For which of the invertible transformations [itex](\mathbf{q}, \mathbf{p}) \leftrightarrow(\mathbf{Q}, \mathbf{P})[/itex]
[itex]\mathbf{Q}(\mathbf {q}, \mathbf {p}, t)[/itex]
[itex]\mathbf{P}(\mathbf{q}, \mathbf {p}, t)[/itex]
is it so that for every Hamiltonian [itex]\mathcal{H}(\mathbf {q}, \mathbf {p}, t)[/itex] there is a [itex]\mathcal{K}[/itex] such that
[tex]\dot{Q}_i = \frac{\partial\mathcal{K}}{\partial P_i} \;\;\;\;\;\;\;\; \dot{P}_i = -\frac{\partial\mathcal{K}}{\partial Q_i}\; ?[/tex]
Stationary action should correspond, and that condition is met if

[itex]\sum p_i\dot{q}_i - \mathcal{H} = \sum P_i\dot{Q}_i - \mathcal{K} + \frac{dF}{dt}[/itex],

since integrating [itex]\frac{dF}{dt}[/itex] results in something only dependent of the endpoints.

Consider this part of Goldstein's Classical Mechanics.

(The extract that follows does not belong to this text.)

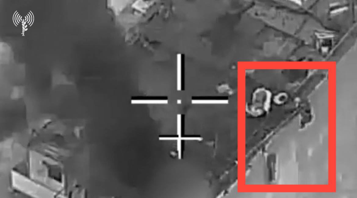 >A bizarre video from the Israeli army showing the targeting of a Zu-23 anti-aircraft gun atop a tower near Tehran's Revolution Square using two suicide drones!>The strangest detail in the video, seen in the second drone, is that at least two anti-aircraft operators are positioned on the edge of the tower out of fear or due to the blast wave, and in the final moment, one of them falls from the tower....>These are the very ones who were firing down at the people from atop the towers.

rearranging 9.13 to make this clear:

[tex]\mathcal{K} = \mathcal{H} + \frac{\partial F_1}{\partial t} + \sum_i \dot{Q}_i\left(P_i - \frac{\partial F_1}{\partial Q_i} \right) + \sum_i \dot{q}_i\left(\frac{\partial F_1}{\partial q_i} - p_i\right)[/tex]
I guess I might like this explained a more. Why aren't we able to to have the coefficients of [itex]\dot{q}_i[/itex] or [itex]\dot{Q}_i[/itex] be non-zero, and have the difference absorbed into [itex]\mathcal{K}[/itex] ?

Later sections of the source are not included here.